Published OnSeptember 10, 2018The legal AI evolution began several years ago. Firms that are not preparing to adopt AI applications will likely miss out on a competitive advantage.
The legal AI evolution began several years ago with the advent of predictive coding. In 2007 and 2008, predictive coding was used to scan large eDiscovery data sets to determine relevance and privilege. Predictive coding was based on mathematical algorithms that could learn from examples and training cycles. With computer training cycles, the error rate was 2 or 3% — much lower than human-reviewed documents. This same technology could be used in law firms to increase accuracy, reduce client costs, manage records, provide clients with case estimates more quickly, and develop a faster, more compelling ECA strategy. The Law Firm Information Governance Symposium published several reports in 2018, one of which was titled “AI in an Information Governance World.”
This report explores AI and machine learning for law firms in depth. Can AI benefit law firms? Can it benefit their clients? Does it break any ABA legal and ethical rules? Will clients accept the use of AI? Will the courts? Will opposing counsel? Will AI requirements be included in outside counsel guidelines?
AI Evolution in Law Firms
Law firms have become noticeably more interested in AI applications and how they might affect firms’ revenue streams while also benefiting their clients. However, many firms remain hesitant to adopt this new technology. Although firms want their clients to view them as modern and up-to-date, it’s been my experience that they don’t want to be on the technological cutting edge.
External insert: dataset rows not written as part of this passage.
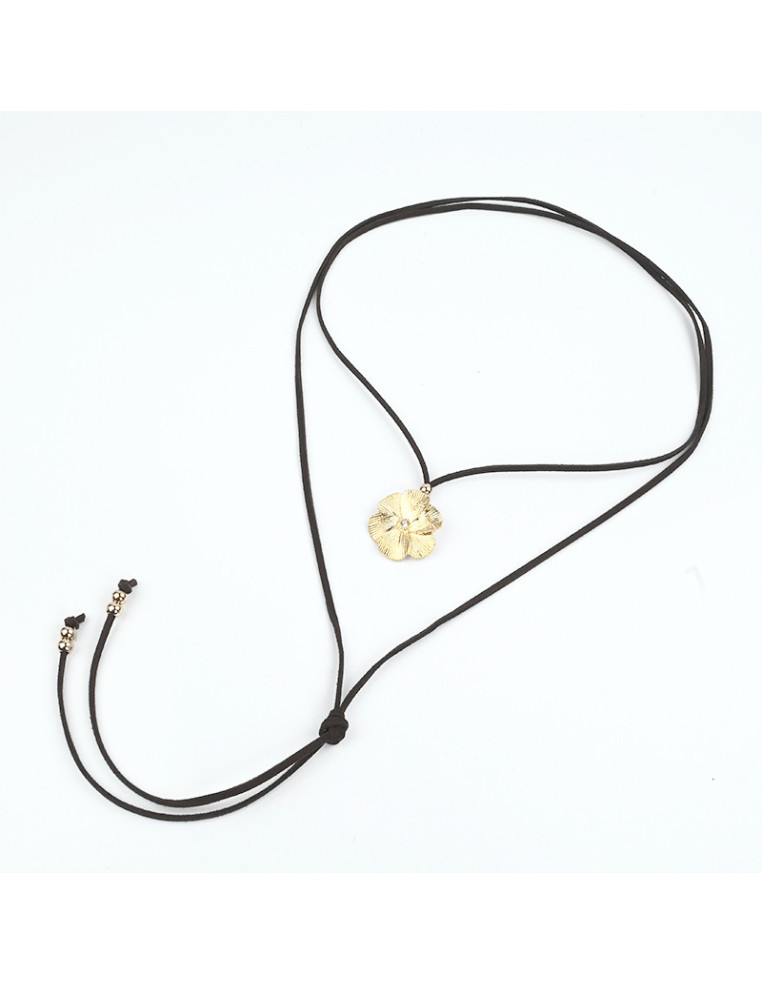 Collar de gamuza de múltiples vueltas, con dije exclusivo de metal con forma de flor y terminales en punteras.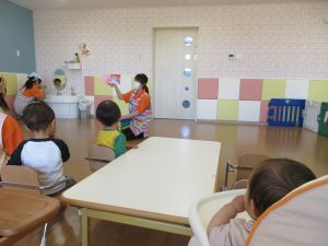 『おこったかお』『あまーいかお』『すましたかお』、、、色々な表情の絵に子どもたちも真似っこしたりじーっと見て楽しんでいましたよ![]()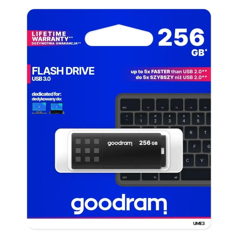 Pendrive GOODRAM 256GB UME3 USB 3.2 Gen 1 Black to pendrive o pojemności 256 GB, o taktowaniu nie dotyczy. Umożliwia szybkie przenoszenie plików między urządzeniami.

However, AI/machine learning offers many benefits to both law firms and their clients. A few benefits include more-accurate client document intake, correct attorney billable tracking and billing, automated information governance (IG), tighter security and stricter adherence to OCGs.
New Uses for AI in Law Firms
Predictive security — AI can be trained to recognize and maintain the client’s required level of security, placing specific access controls on the data and detecting and preventing breaches using predictive analytics. Predictive analytics harnesses data to predict future actions — a tool that could help firms foresee and stop hacking before it happens.
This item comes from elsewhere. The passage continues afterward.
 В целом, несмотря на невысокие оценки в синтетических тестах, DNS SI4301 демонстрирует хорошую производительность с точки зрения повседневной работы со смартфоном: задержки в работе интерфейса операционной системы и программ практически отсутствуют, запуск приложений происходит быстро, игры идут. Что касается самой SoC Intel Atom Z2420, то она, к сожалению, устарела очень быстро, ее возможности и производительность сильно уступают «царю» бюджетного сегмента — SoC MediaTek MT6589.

Predictive categorization — A computer using AI/machine learning could determine the owner of incoming or newly generated documents and categorize them accordingly. Predictive categorization could dramatically improve accuracy while also expediting the document-intake process.
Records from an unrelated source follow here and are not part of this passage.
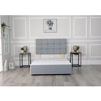 Comfy Deluxe LTD Linen Fabric Divan Bed Base with Matching Cube Headboard (No mattress will be provided) (Silver, 4FT6 4 Drawers)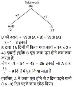 47. A और B किसी काम को 12 दिन में पूरा कर सकते हैं। A को कार्य पूरा होने के कुछ दिन पहले कार्य छोड़ना पड़ा और इसी कारण से कार्य को पूरा करने में 16 दिन लग गए। यदि अकेला A इस काम को 21 दिन में पूरा कर सकता है तो काम के खत्म होने से कितने दिन पहले A छुट्टी पर चला गया था? [RRB ALP 10/08/2018 (Afternoon)]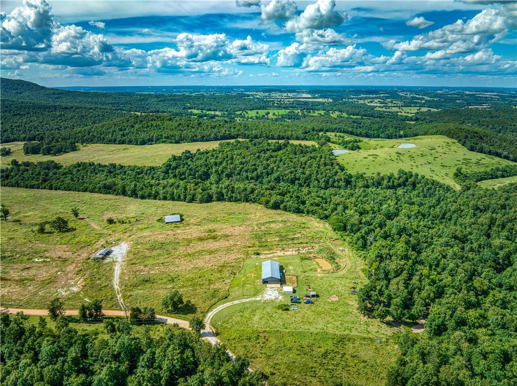 Ozarks living at it's finest! This hay barn converted into an extraordinarily unique 1 BR 2 BA barndominium checks all the boxes! Phenomenal mountain views from the massive back patio, newer pool to relax in on those hot summer days, an outdoor kitchen, very tasteful details (custom kitchen island, handcrafted heat plate with gorgeous mantle behind the wood stove, 100+ year old logs make up the stairs, custom bathrooms...) on the inside...this one is a must see. There is a good mix of woods and cleared property on the 54.33 acres and there are two small ponds. And did I mention the views????
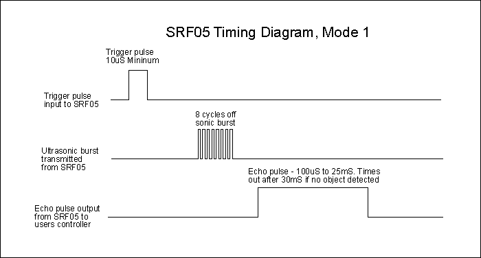 The SRF05 timing diagrams are shown below for each mode. The distance measurement is triggered with a 10µs pulse on the trigger input. The SRF05 will send out an 8 cycle burst of ultrasound at 40kHz and raise its echo line high (or trigger line in mode 2). It then waits for an echo, and lowers the echo line when it detects one. The echo line is therefore a pulse whose width is proportional to the distance to the object. By timing the echo pulse it is possible to calculate the range. If nothing is detected then the SRF05 will lower its echo line anyway after 30ms.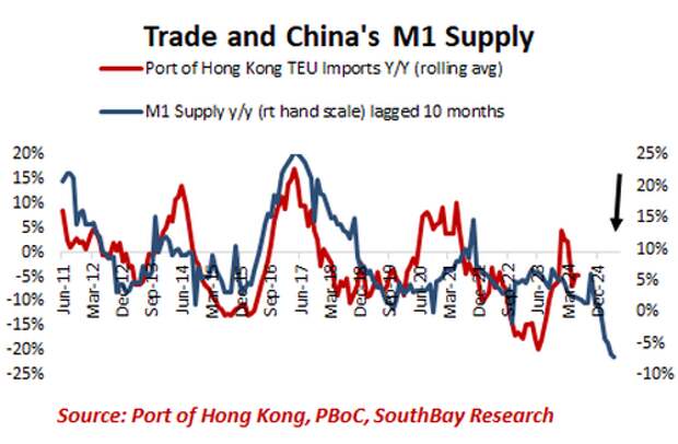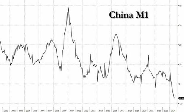 Meanwhile, China's broadest monetary aggregate, M1, is falling at the fastest pace on record.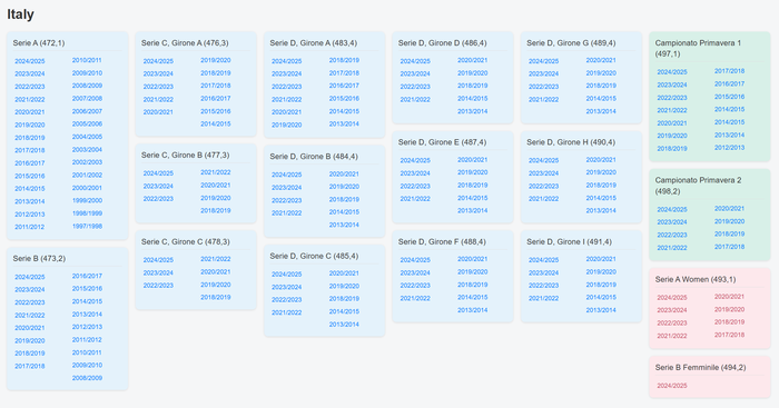 Следующим добавлением стали Турниры и Сезоны. Для каждой страны отображаются все доступные турниры и их сезонов. Например, для Италии сразу видно, сколько там лиг и дивизионов.

Predictive information governance — Predictive governance is on track to eventually replace human IG professionals completely. Document retention/disposition is a notoriously inaccurate and inefficient process. Much like document review, human-based categorization and management of millions of records is highly individualistic and dependent on the human’s frame of mind and experience.
Legal and Ethical Rules of Using AI in Law Firms
Attorneys must be technologically competent when representing clients. Could attorneys become sufficiently competent in AI/machine learning theory to meet their professional obligations? In the past, attorneys mainly needed to be familiar with keyword use, metadata preservation and mobile devices. In the last few years, they’ve also needed to achieve basic competence in ESI, encryption, cloud services, predictive coding and social media. But, for instance, courts took years to accept predictive coding for document review, and they will be similarly slow to accept AI.
The Downside of Technology Conservatism
The AI revolution will help law firms enhance IG quality, reduce the time to delivery of legal products and services, and deliver those products and services at a lower price. Firms that are not preparing to adopt AI applications will likely miss out on a competitive advantage and lose clients who consider them behind the times.